INFORMATION SUPPLIED

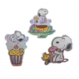 スイーツとスヌーピーのデザインが楽しいホログラムステッカーのセットです。
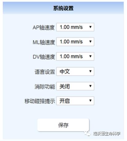 a、在PC端軟件界面三個(gè)軸對(duì)應(yīng)位置可分別輸入移動(dòng)速度進(jìn)行調(diào)節(jié),其中AP軸和ML軸4種移動(dòng)速度可選:2.00mm/s、1.00 mm/s、0.50 mm/s、0.20 mm/s;DV軸7種移動(dòng)速度可選2.00 mm/s 、1.00 mm/s、0.50 mm/s、0.20 mm/s 、0.01 mm/s、0.005 mm/s、0.001 mm/s。
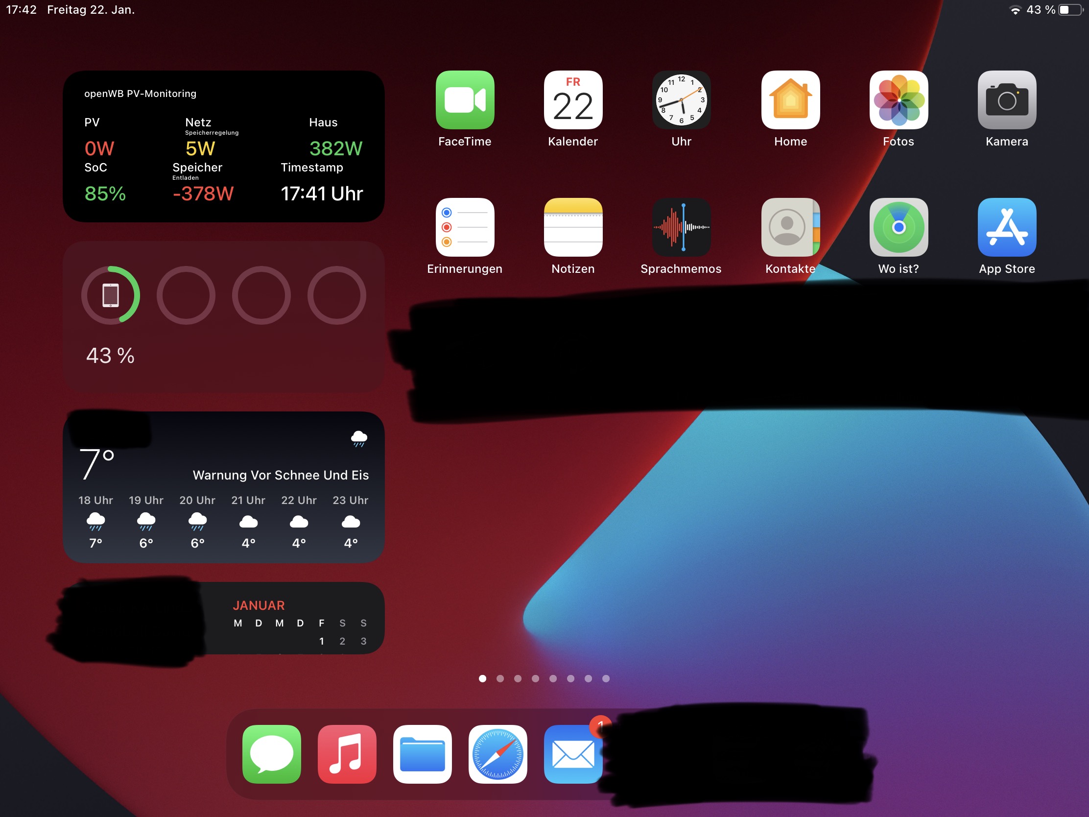 Ein anderer Ansatz, der mir aber erst gerade eingefallen ist, wäre es natürlich mit der Scriptable-App direkt auf die Ramdisk-Files zuzugreifen und auch alle Berechnungen in der Scriptable-App vorzunehmen. Damit müsste man an der OpenWB gar nichts änderte und nur die App einrichten, dass wäre dann auf jeden Fall auch interessierter-Laie tauglich. Muss ich mal mal anschauen ob das mit Scriptable so einfach geht.

TO DO
Wherever an image sits in the data, omit it; everything else must be copied exactly.

SOLUTION BELOW
 スイーツとスヌーピーのデザインが楽しいホログラムステッカーのセットです。
 a、在PC端軟件界面三個(gè)軸對(duì)應(yīng)位置可分別輸入移動(dòng)速度進(jìn)行調(diào)節(jié),其中AP軸和ML軸4種移動(dòng)速度可選:2.00mm/s、1.00 mm/s、0.50 mm/s、0.20 mm/s;DV軸7種移動(dòng)速度可選2.00 mm/s 、1.00 mm/s、0.50 mm/s、0.20 mm/s 、0.01 mm/s、0.005 mm/s、0.001 mm/s。
 Ein anderer Ansatz, der mir aber erst gerade eingefallen ist, wäre es natürlich mit der Scriptable-App direkt auf die Ramdisk-Files zuzugreifen und auch alle Berechnungen in der Scriptable-App vorzunehmen. Damit müsste man an der OpenWB gar nichts änderte und nur die App einrichten, dass wäre dann auf jeden Fall auch interessierter-Laie tauglich. Muss ich mal mal anschauen ob das mit Scriptable so einfach geht.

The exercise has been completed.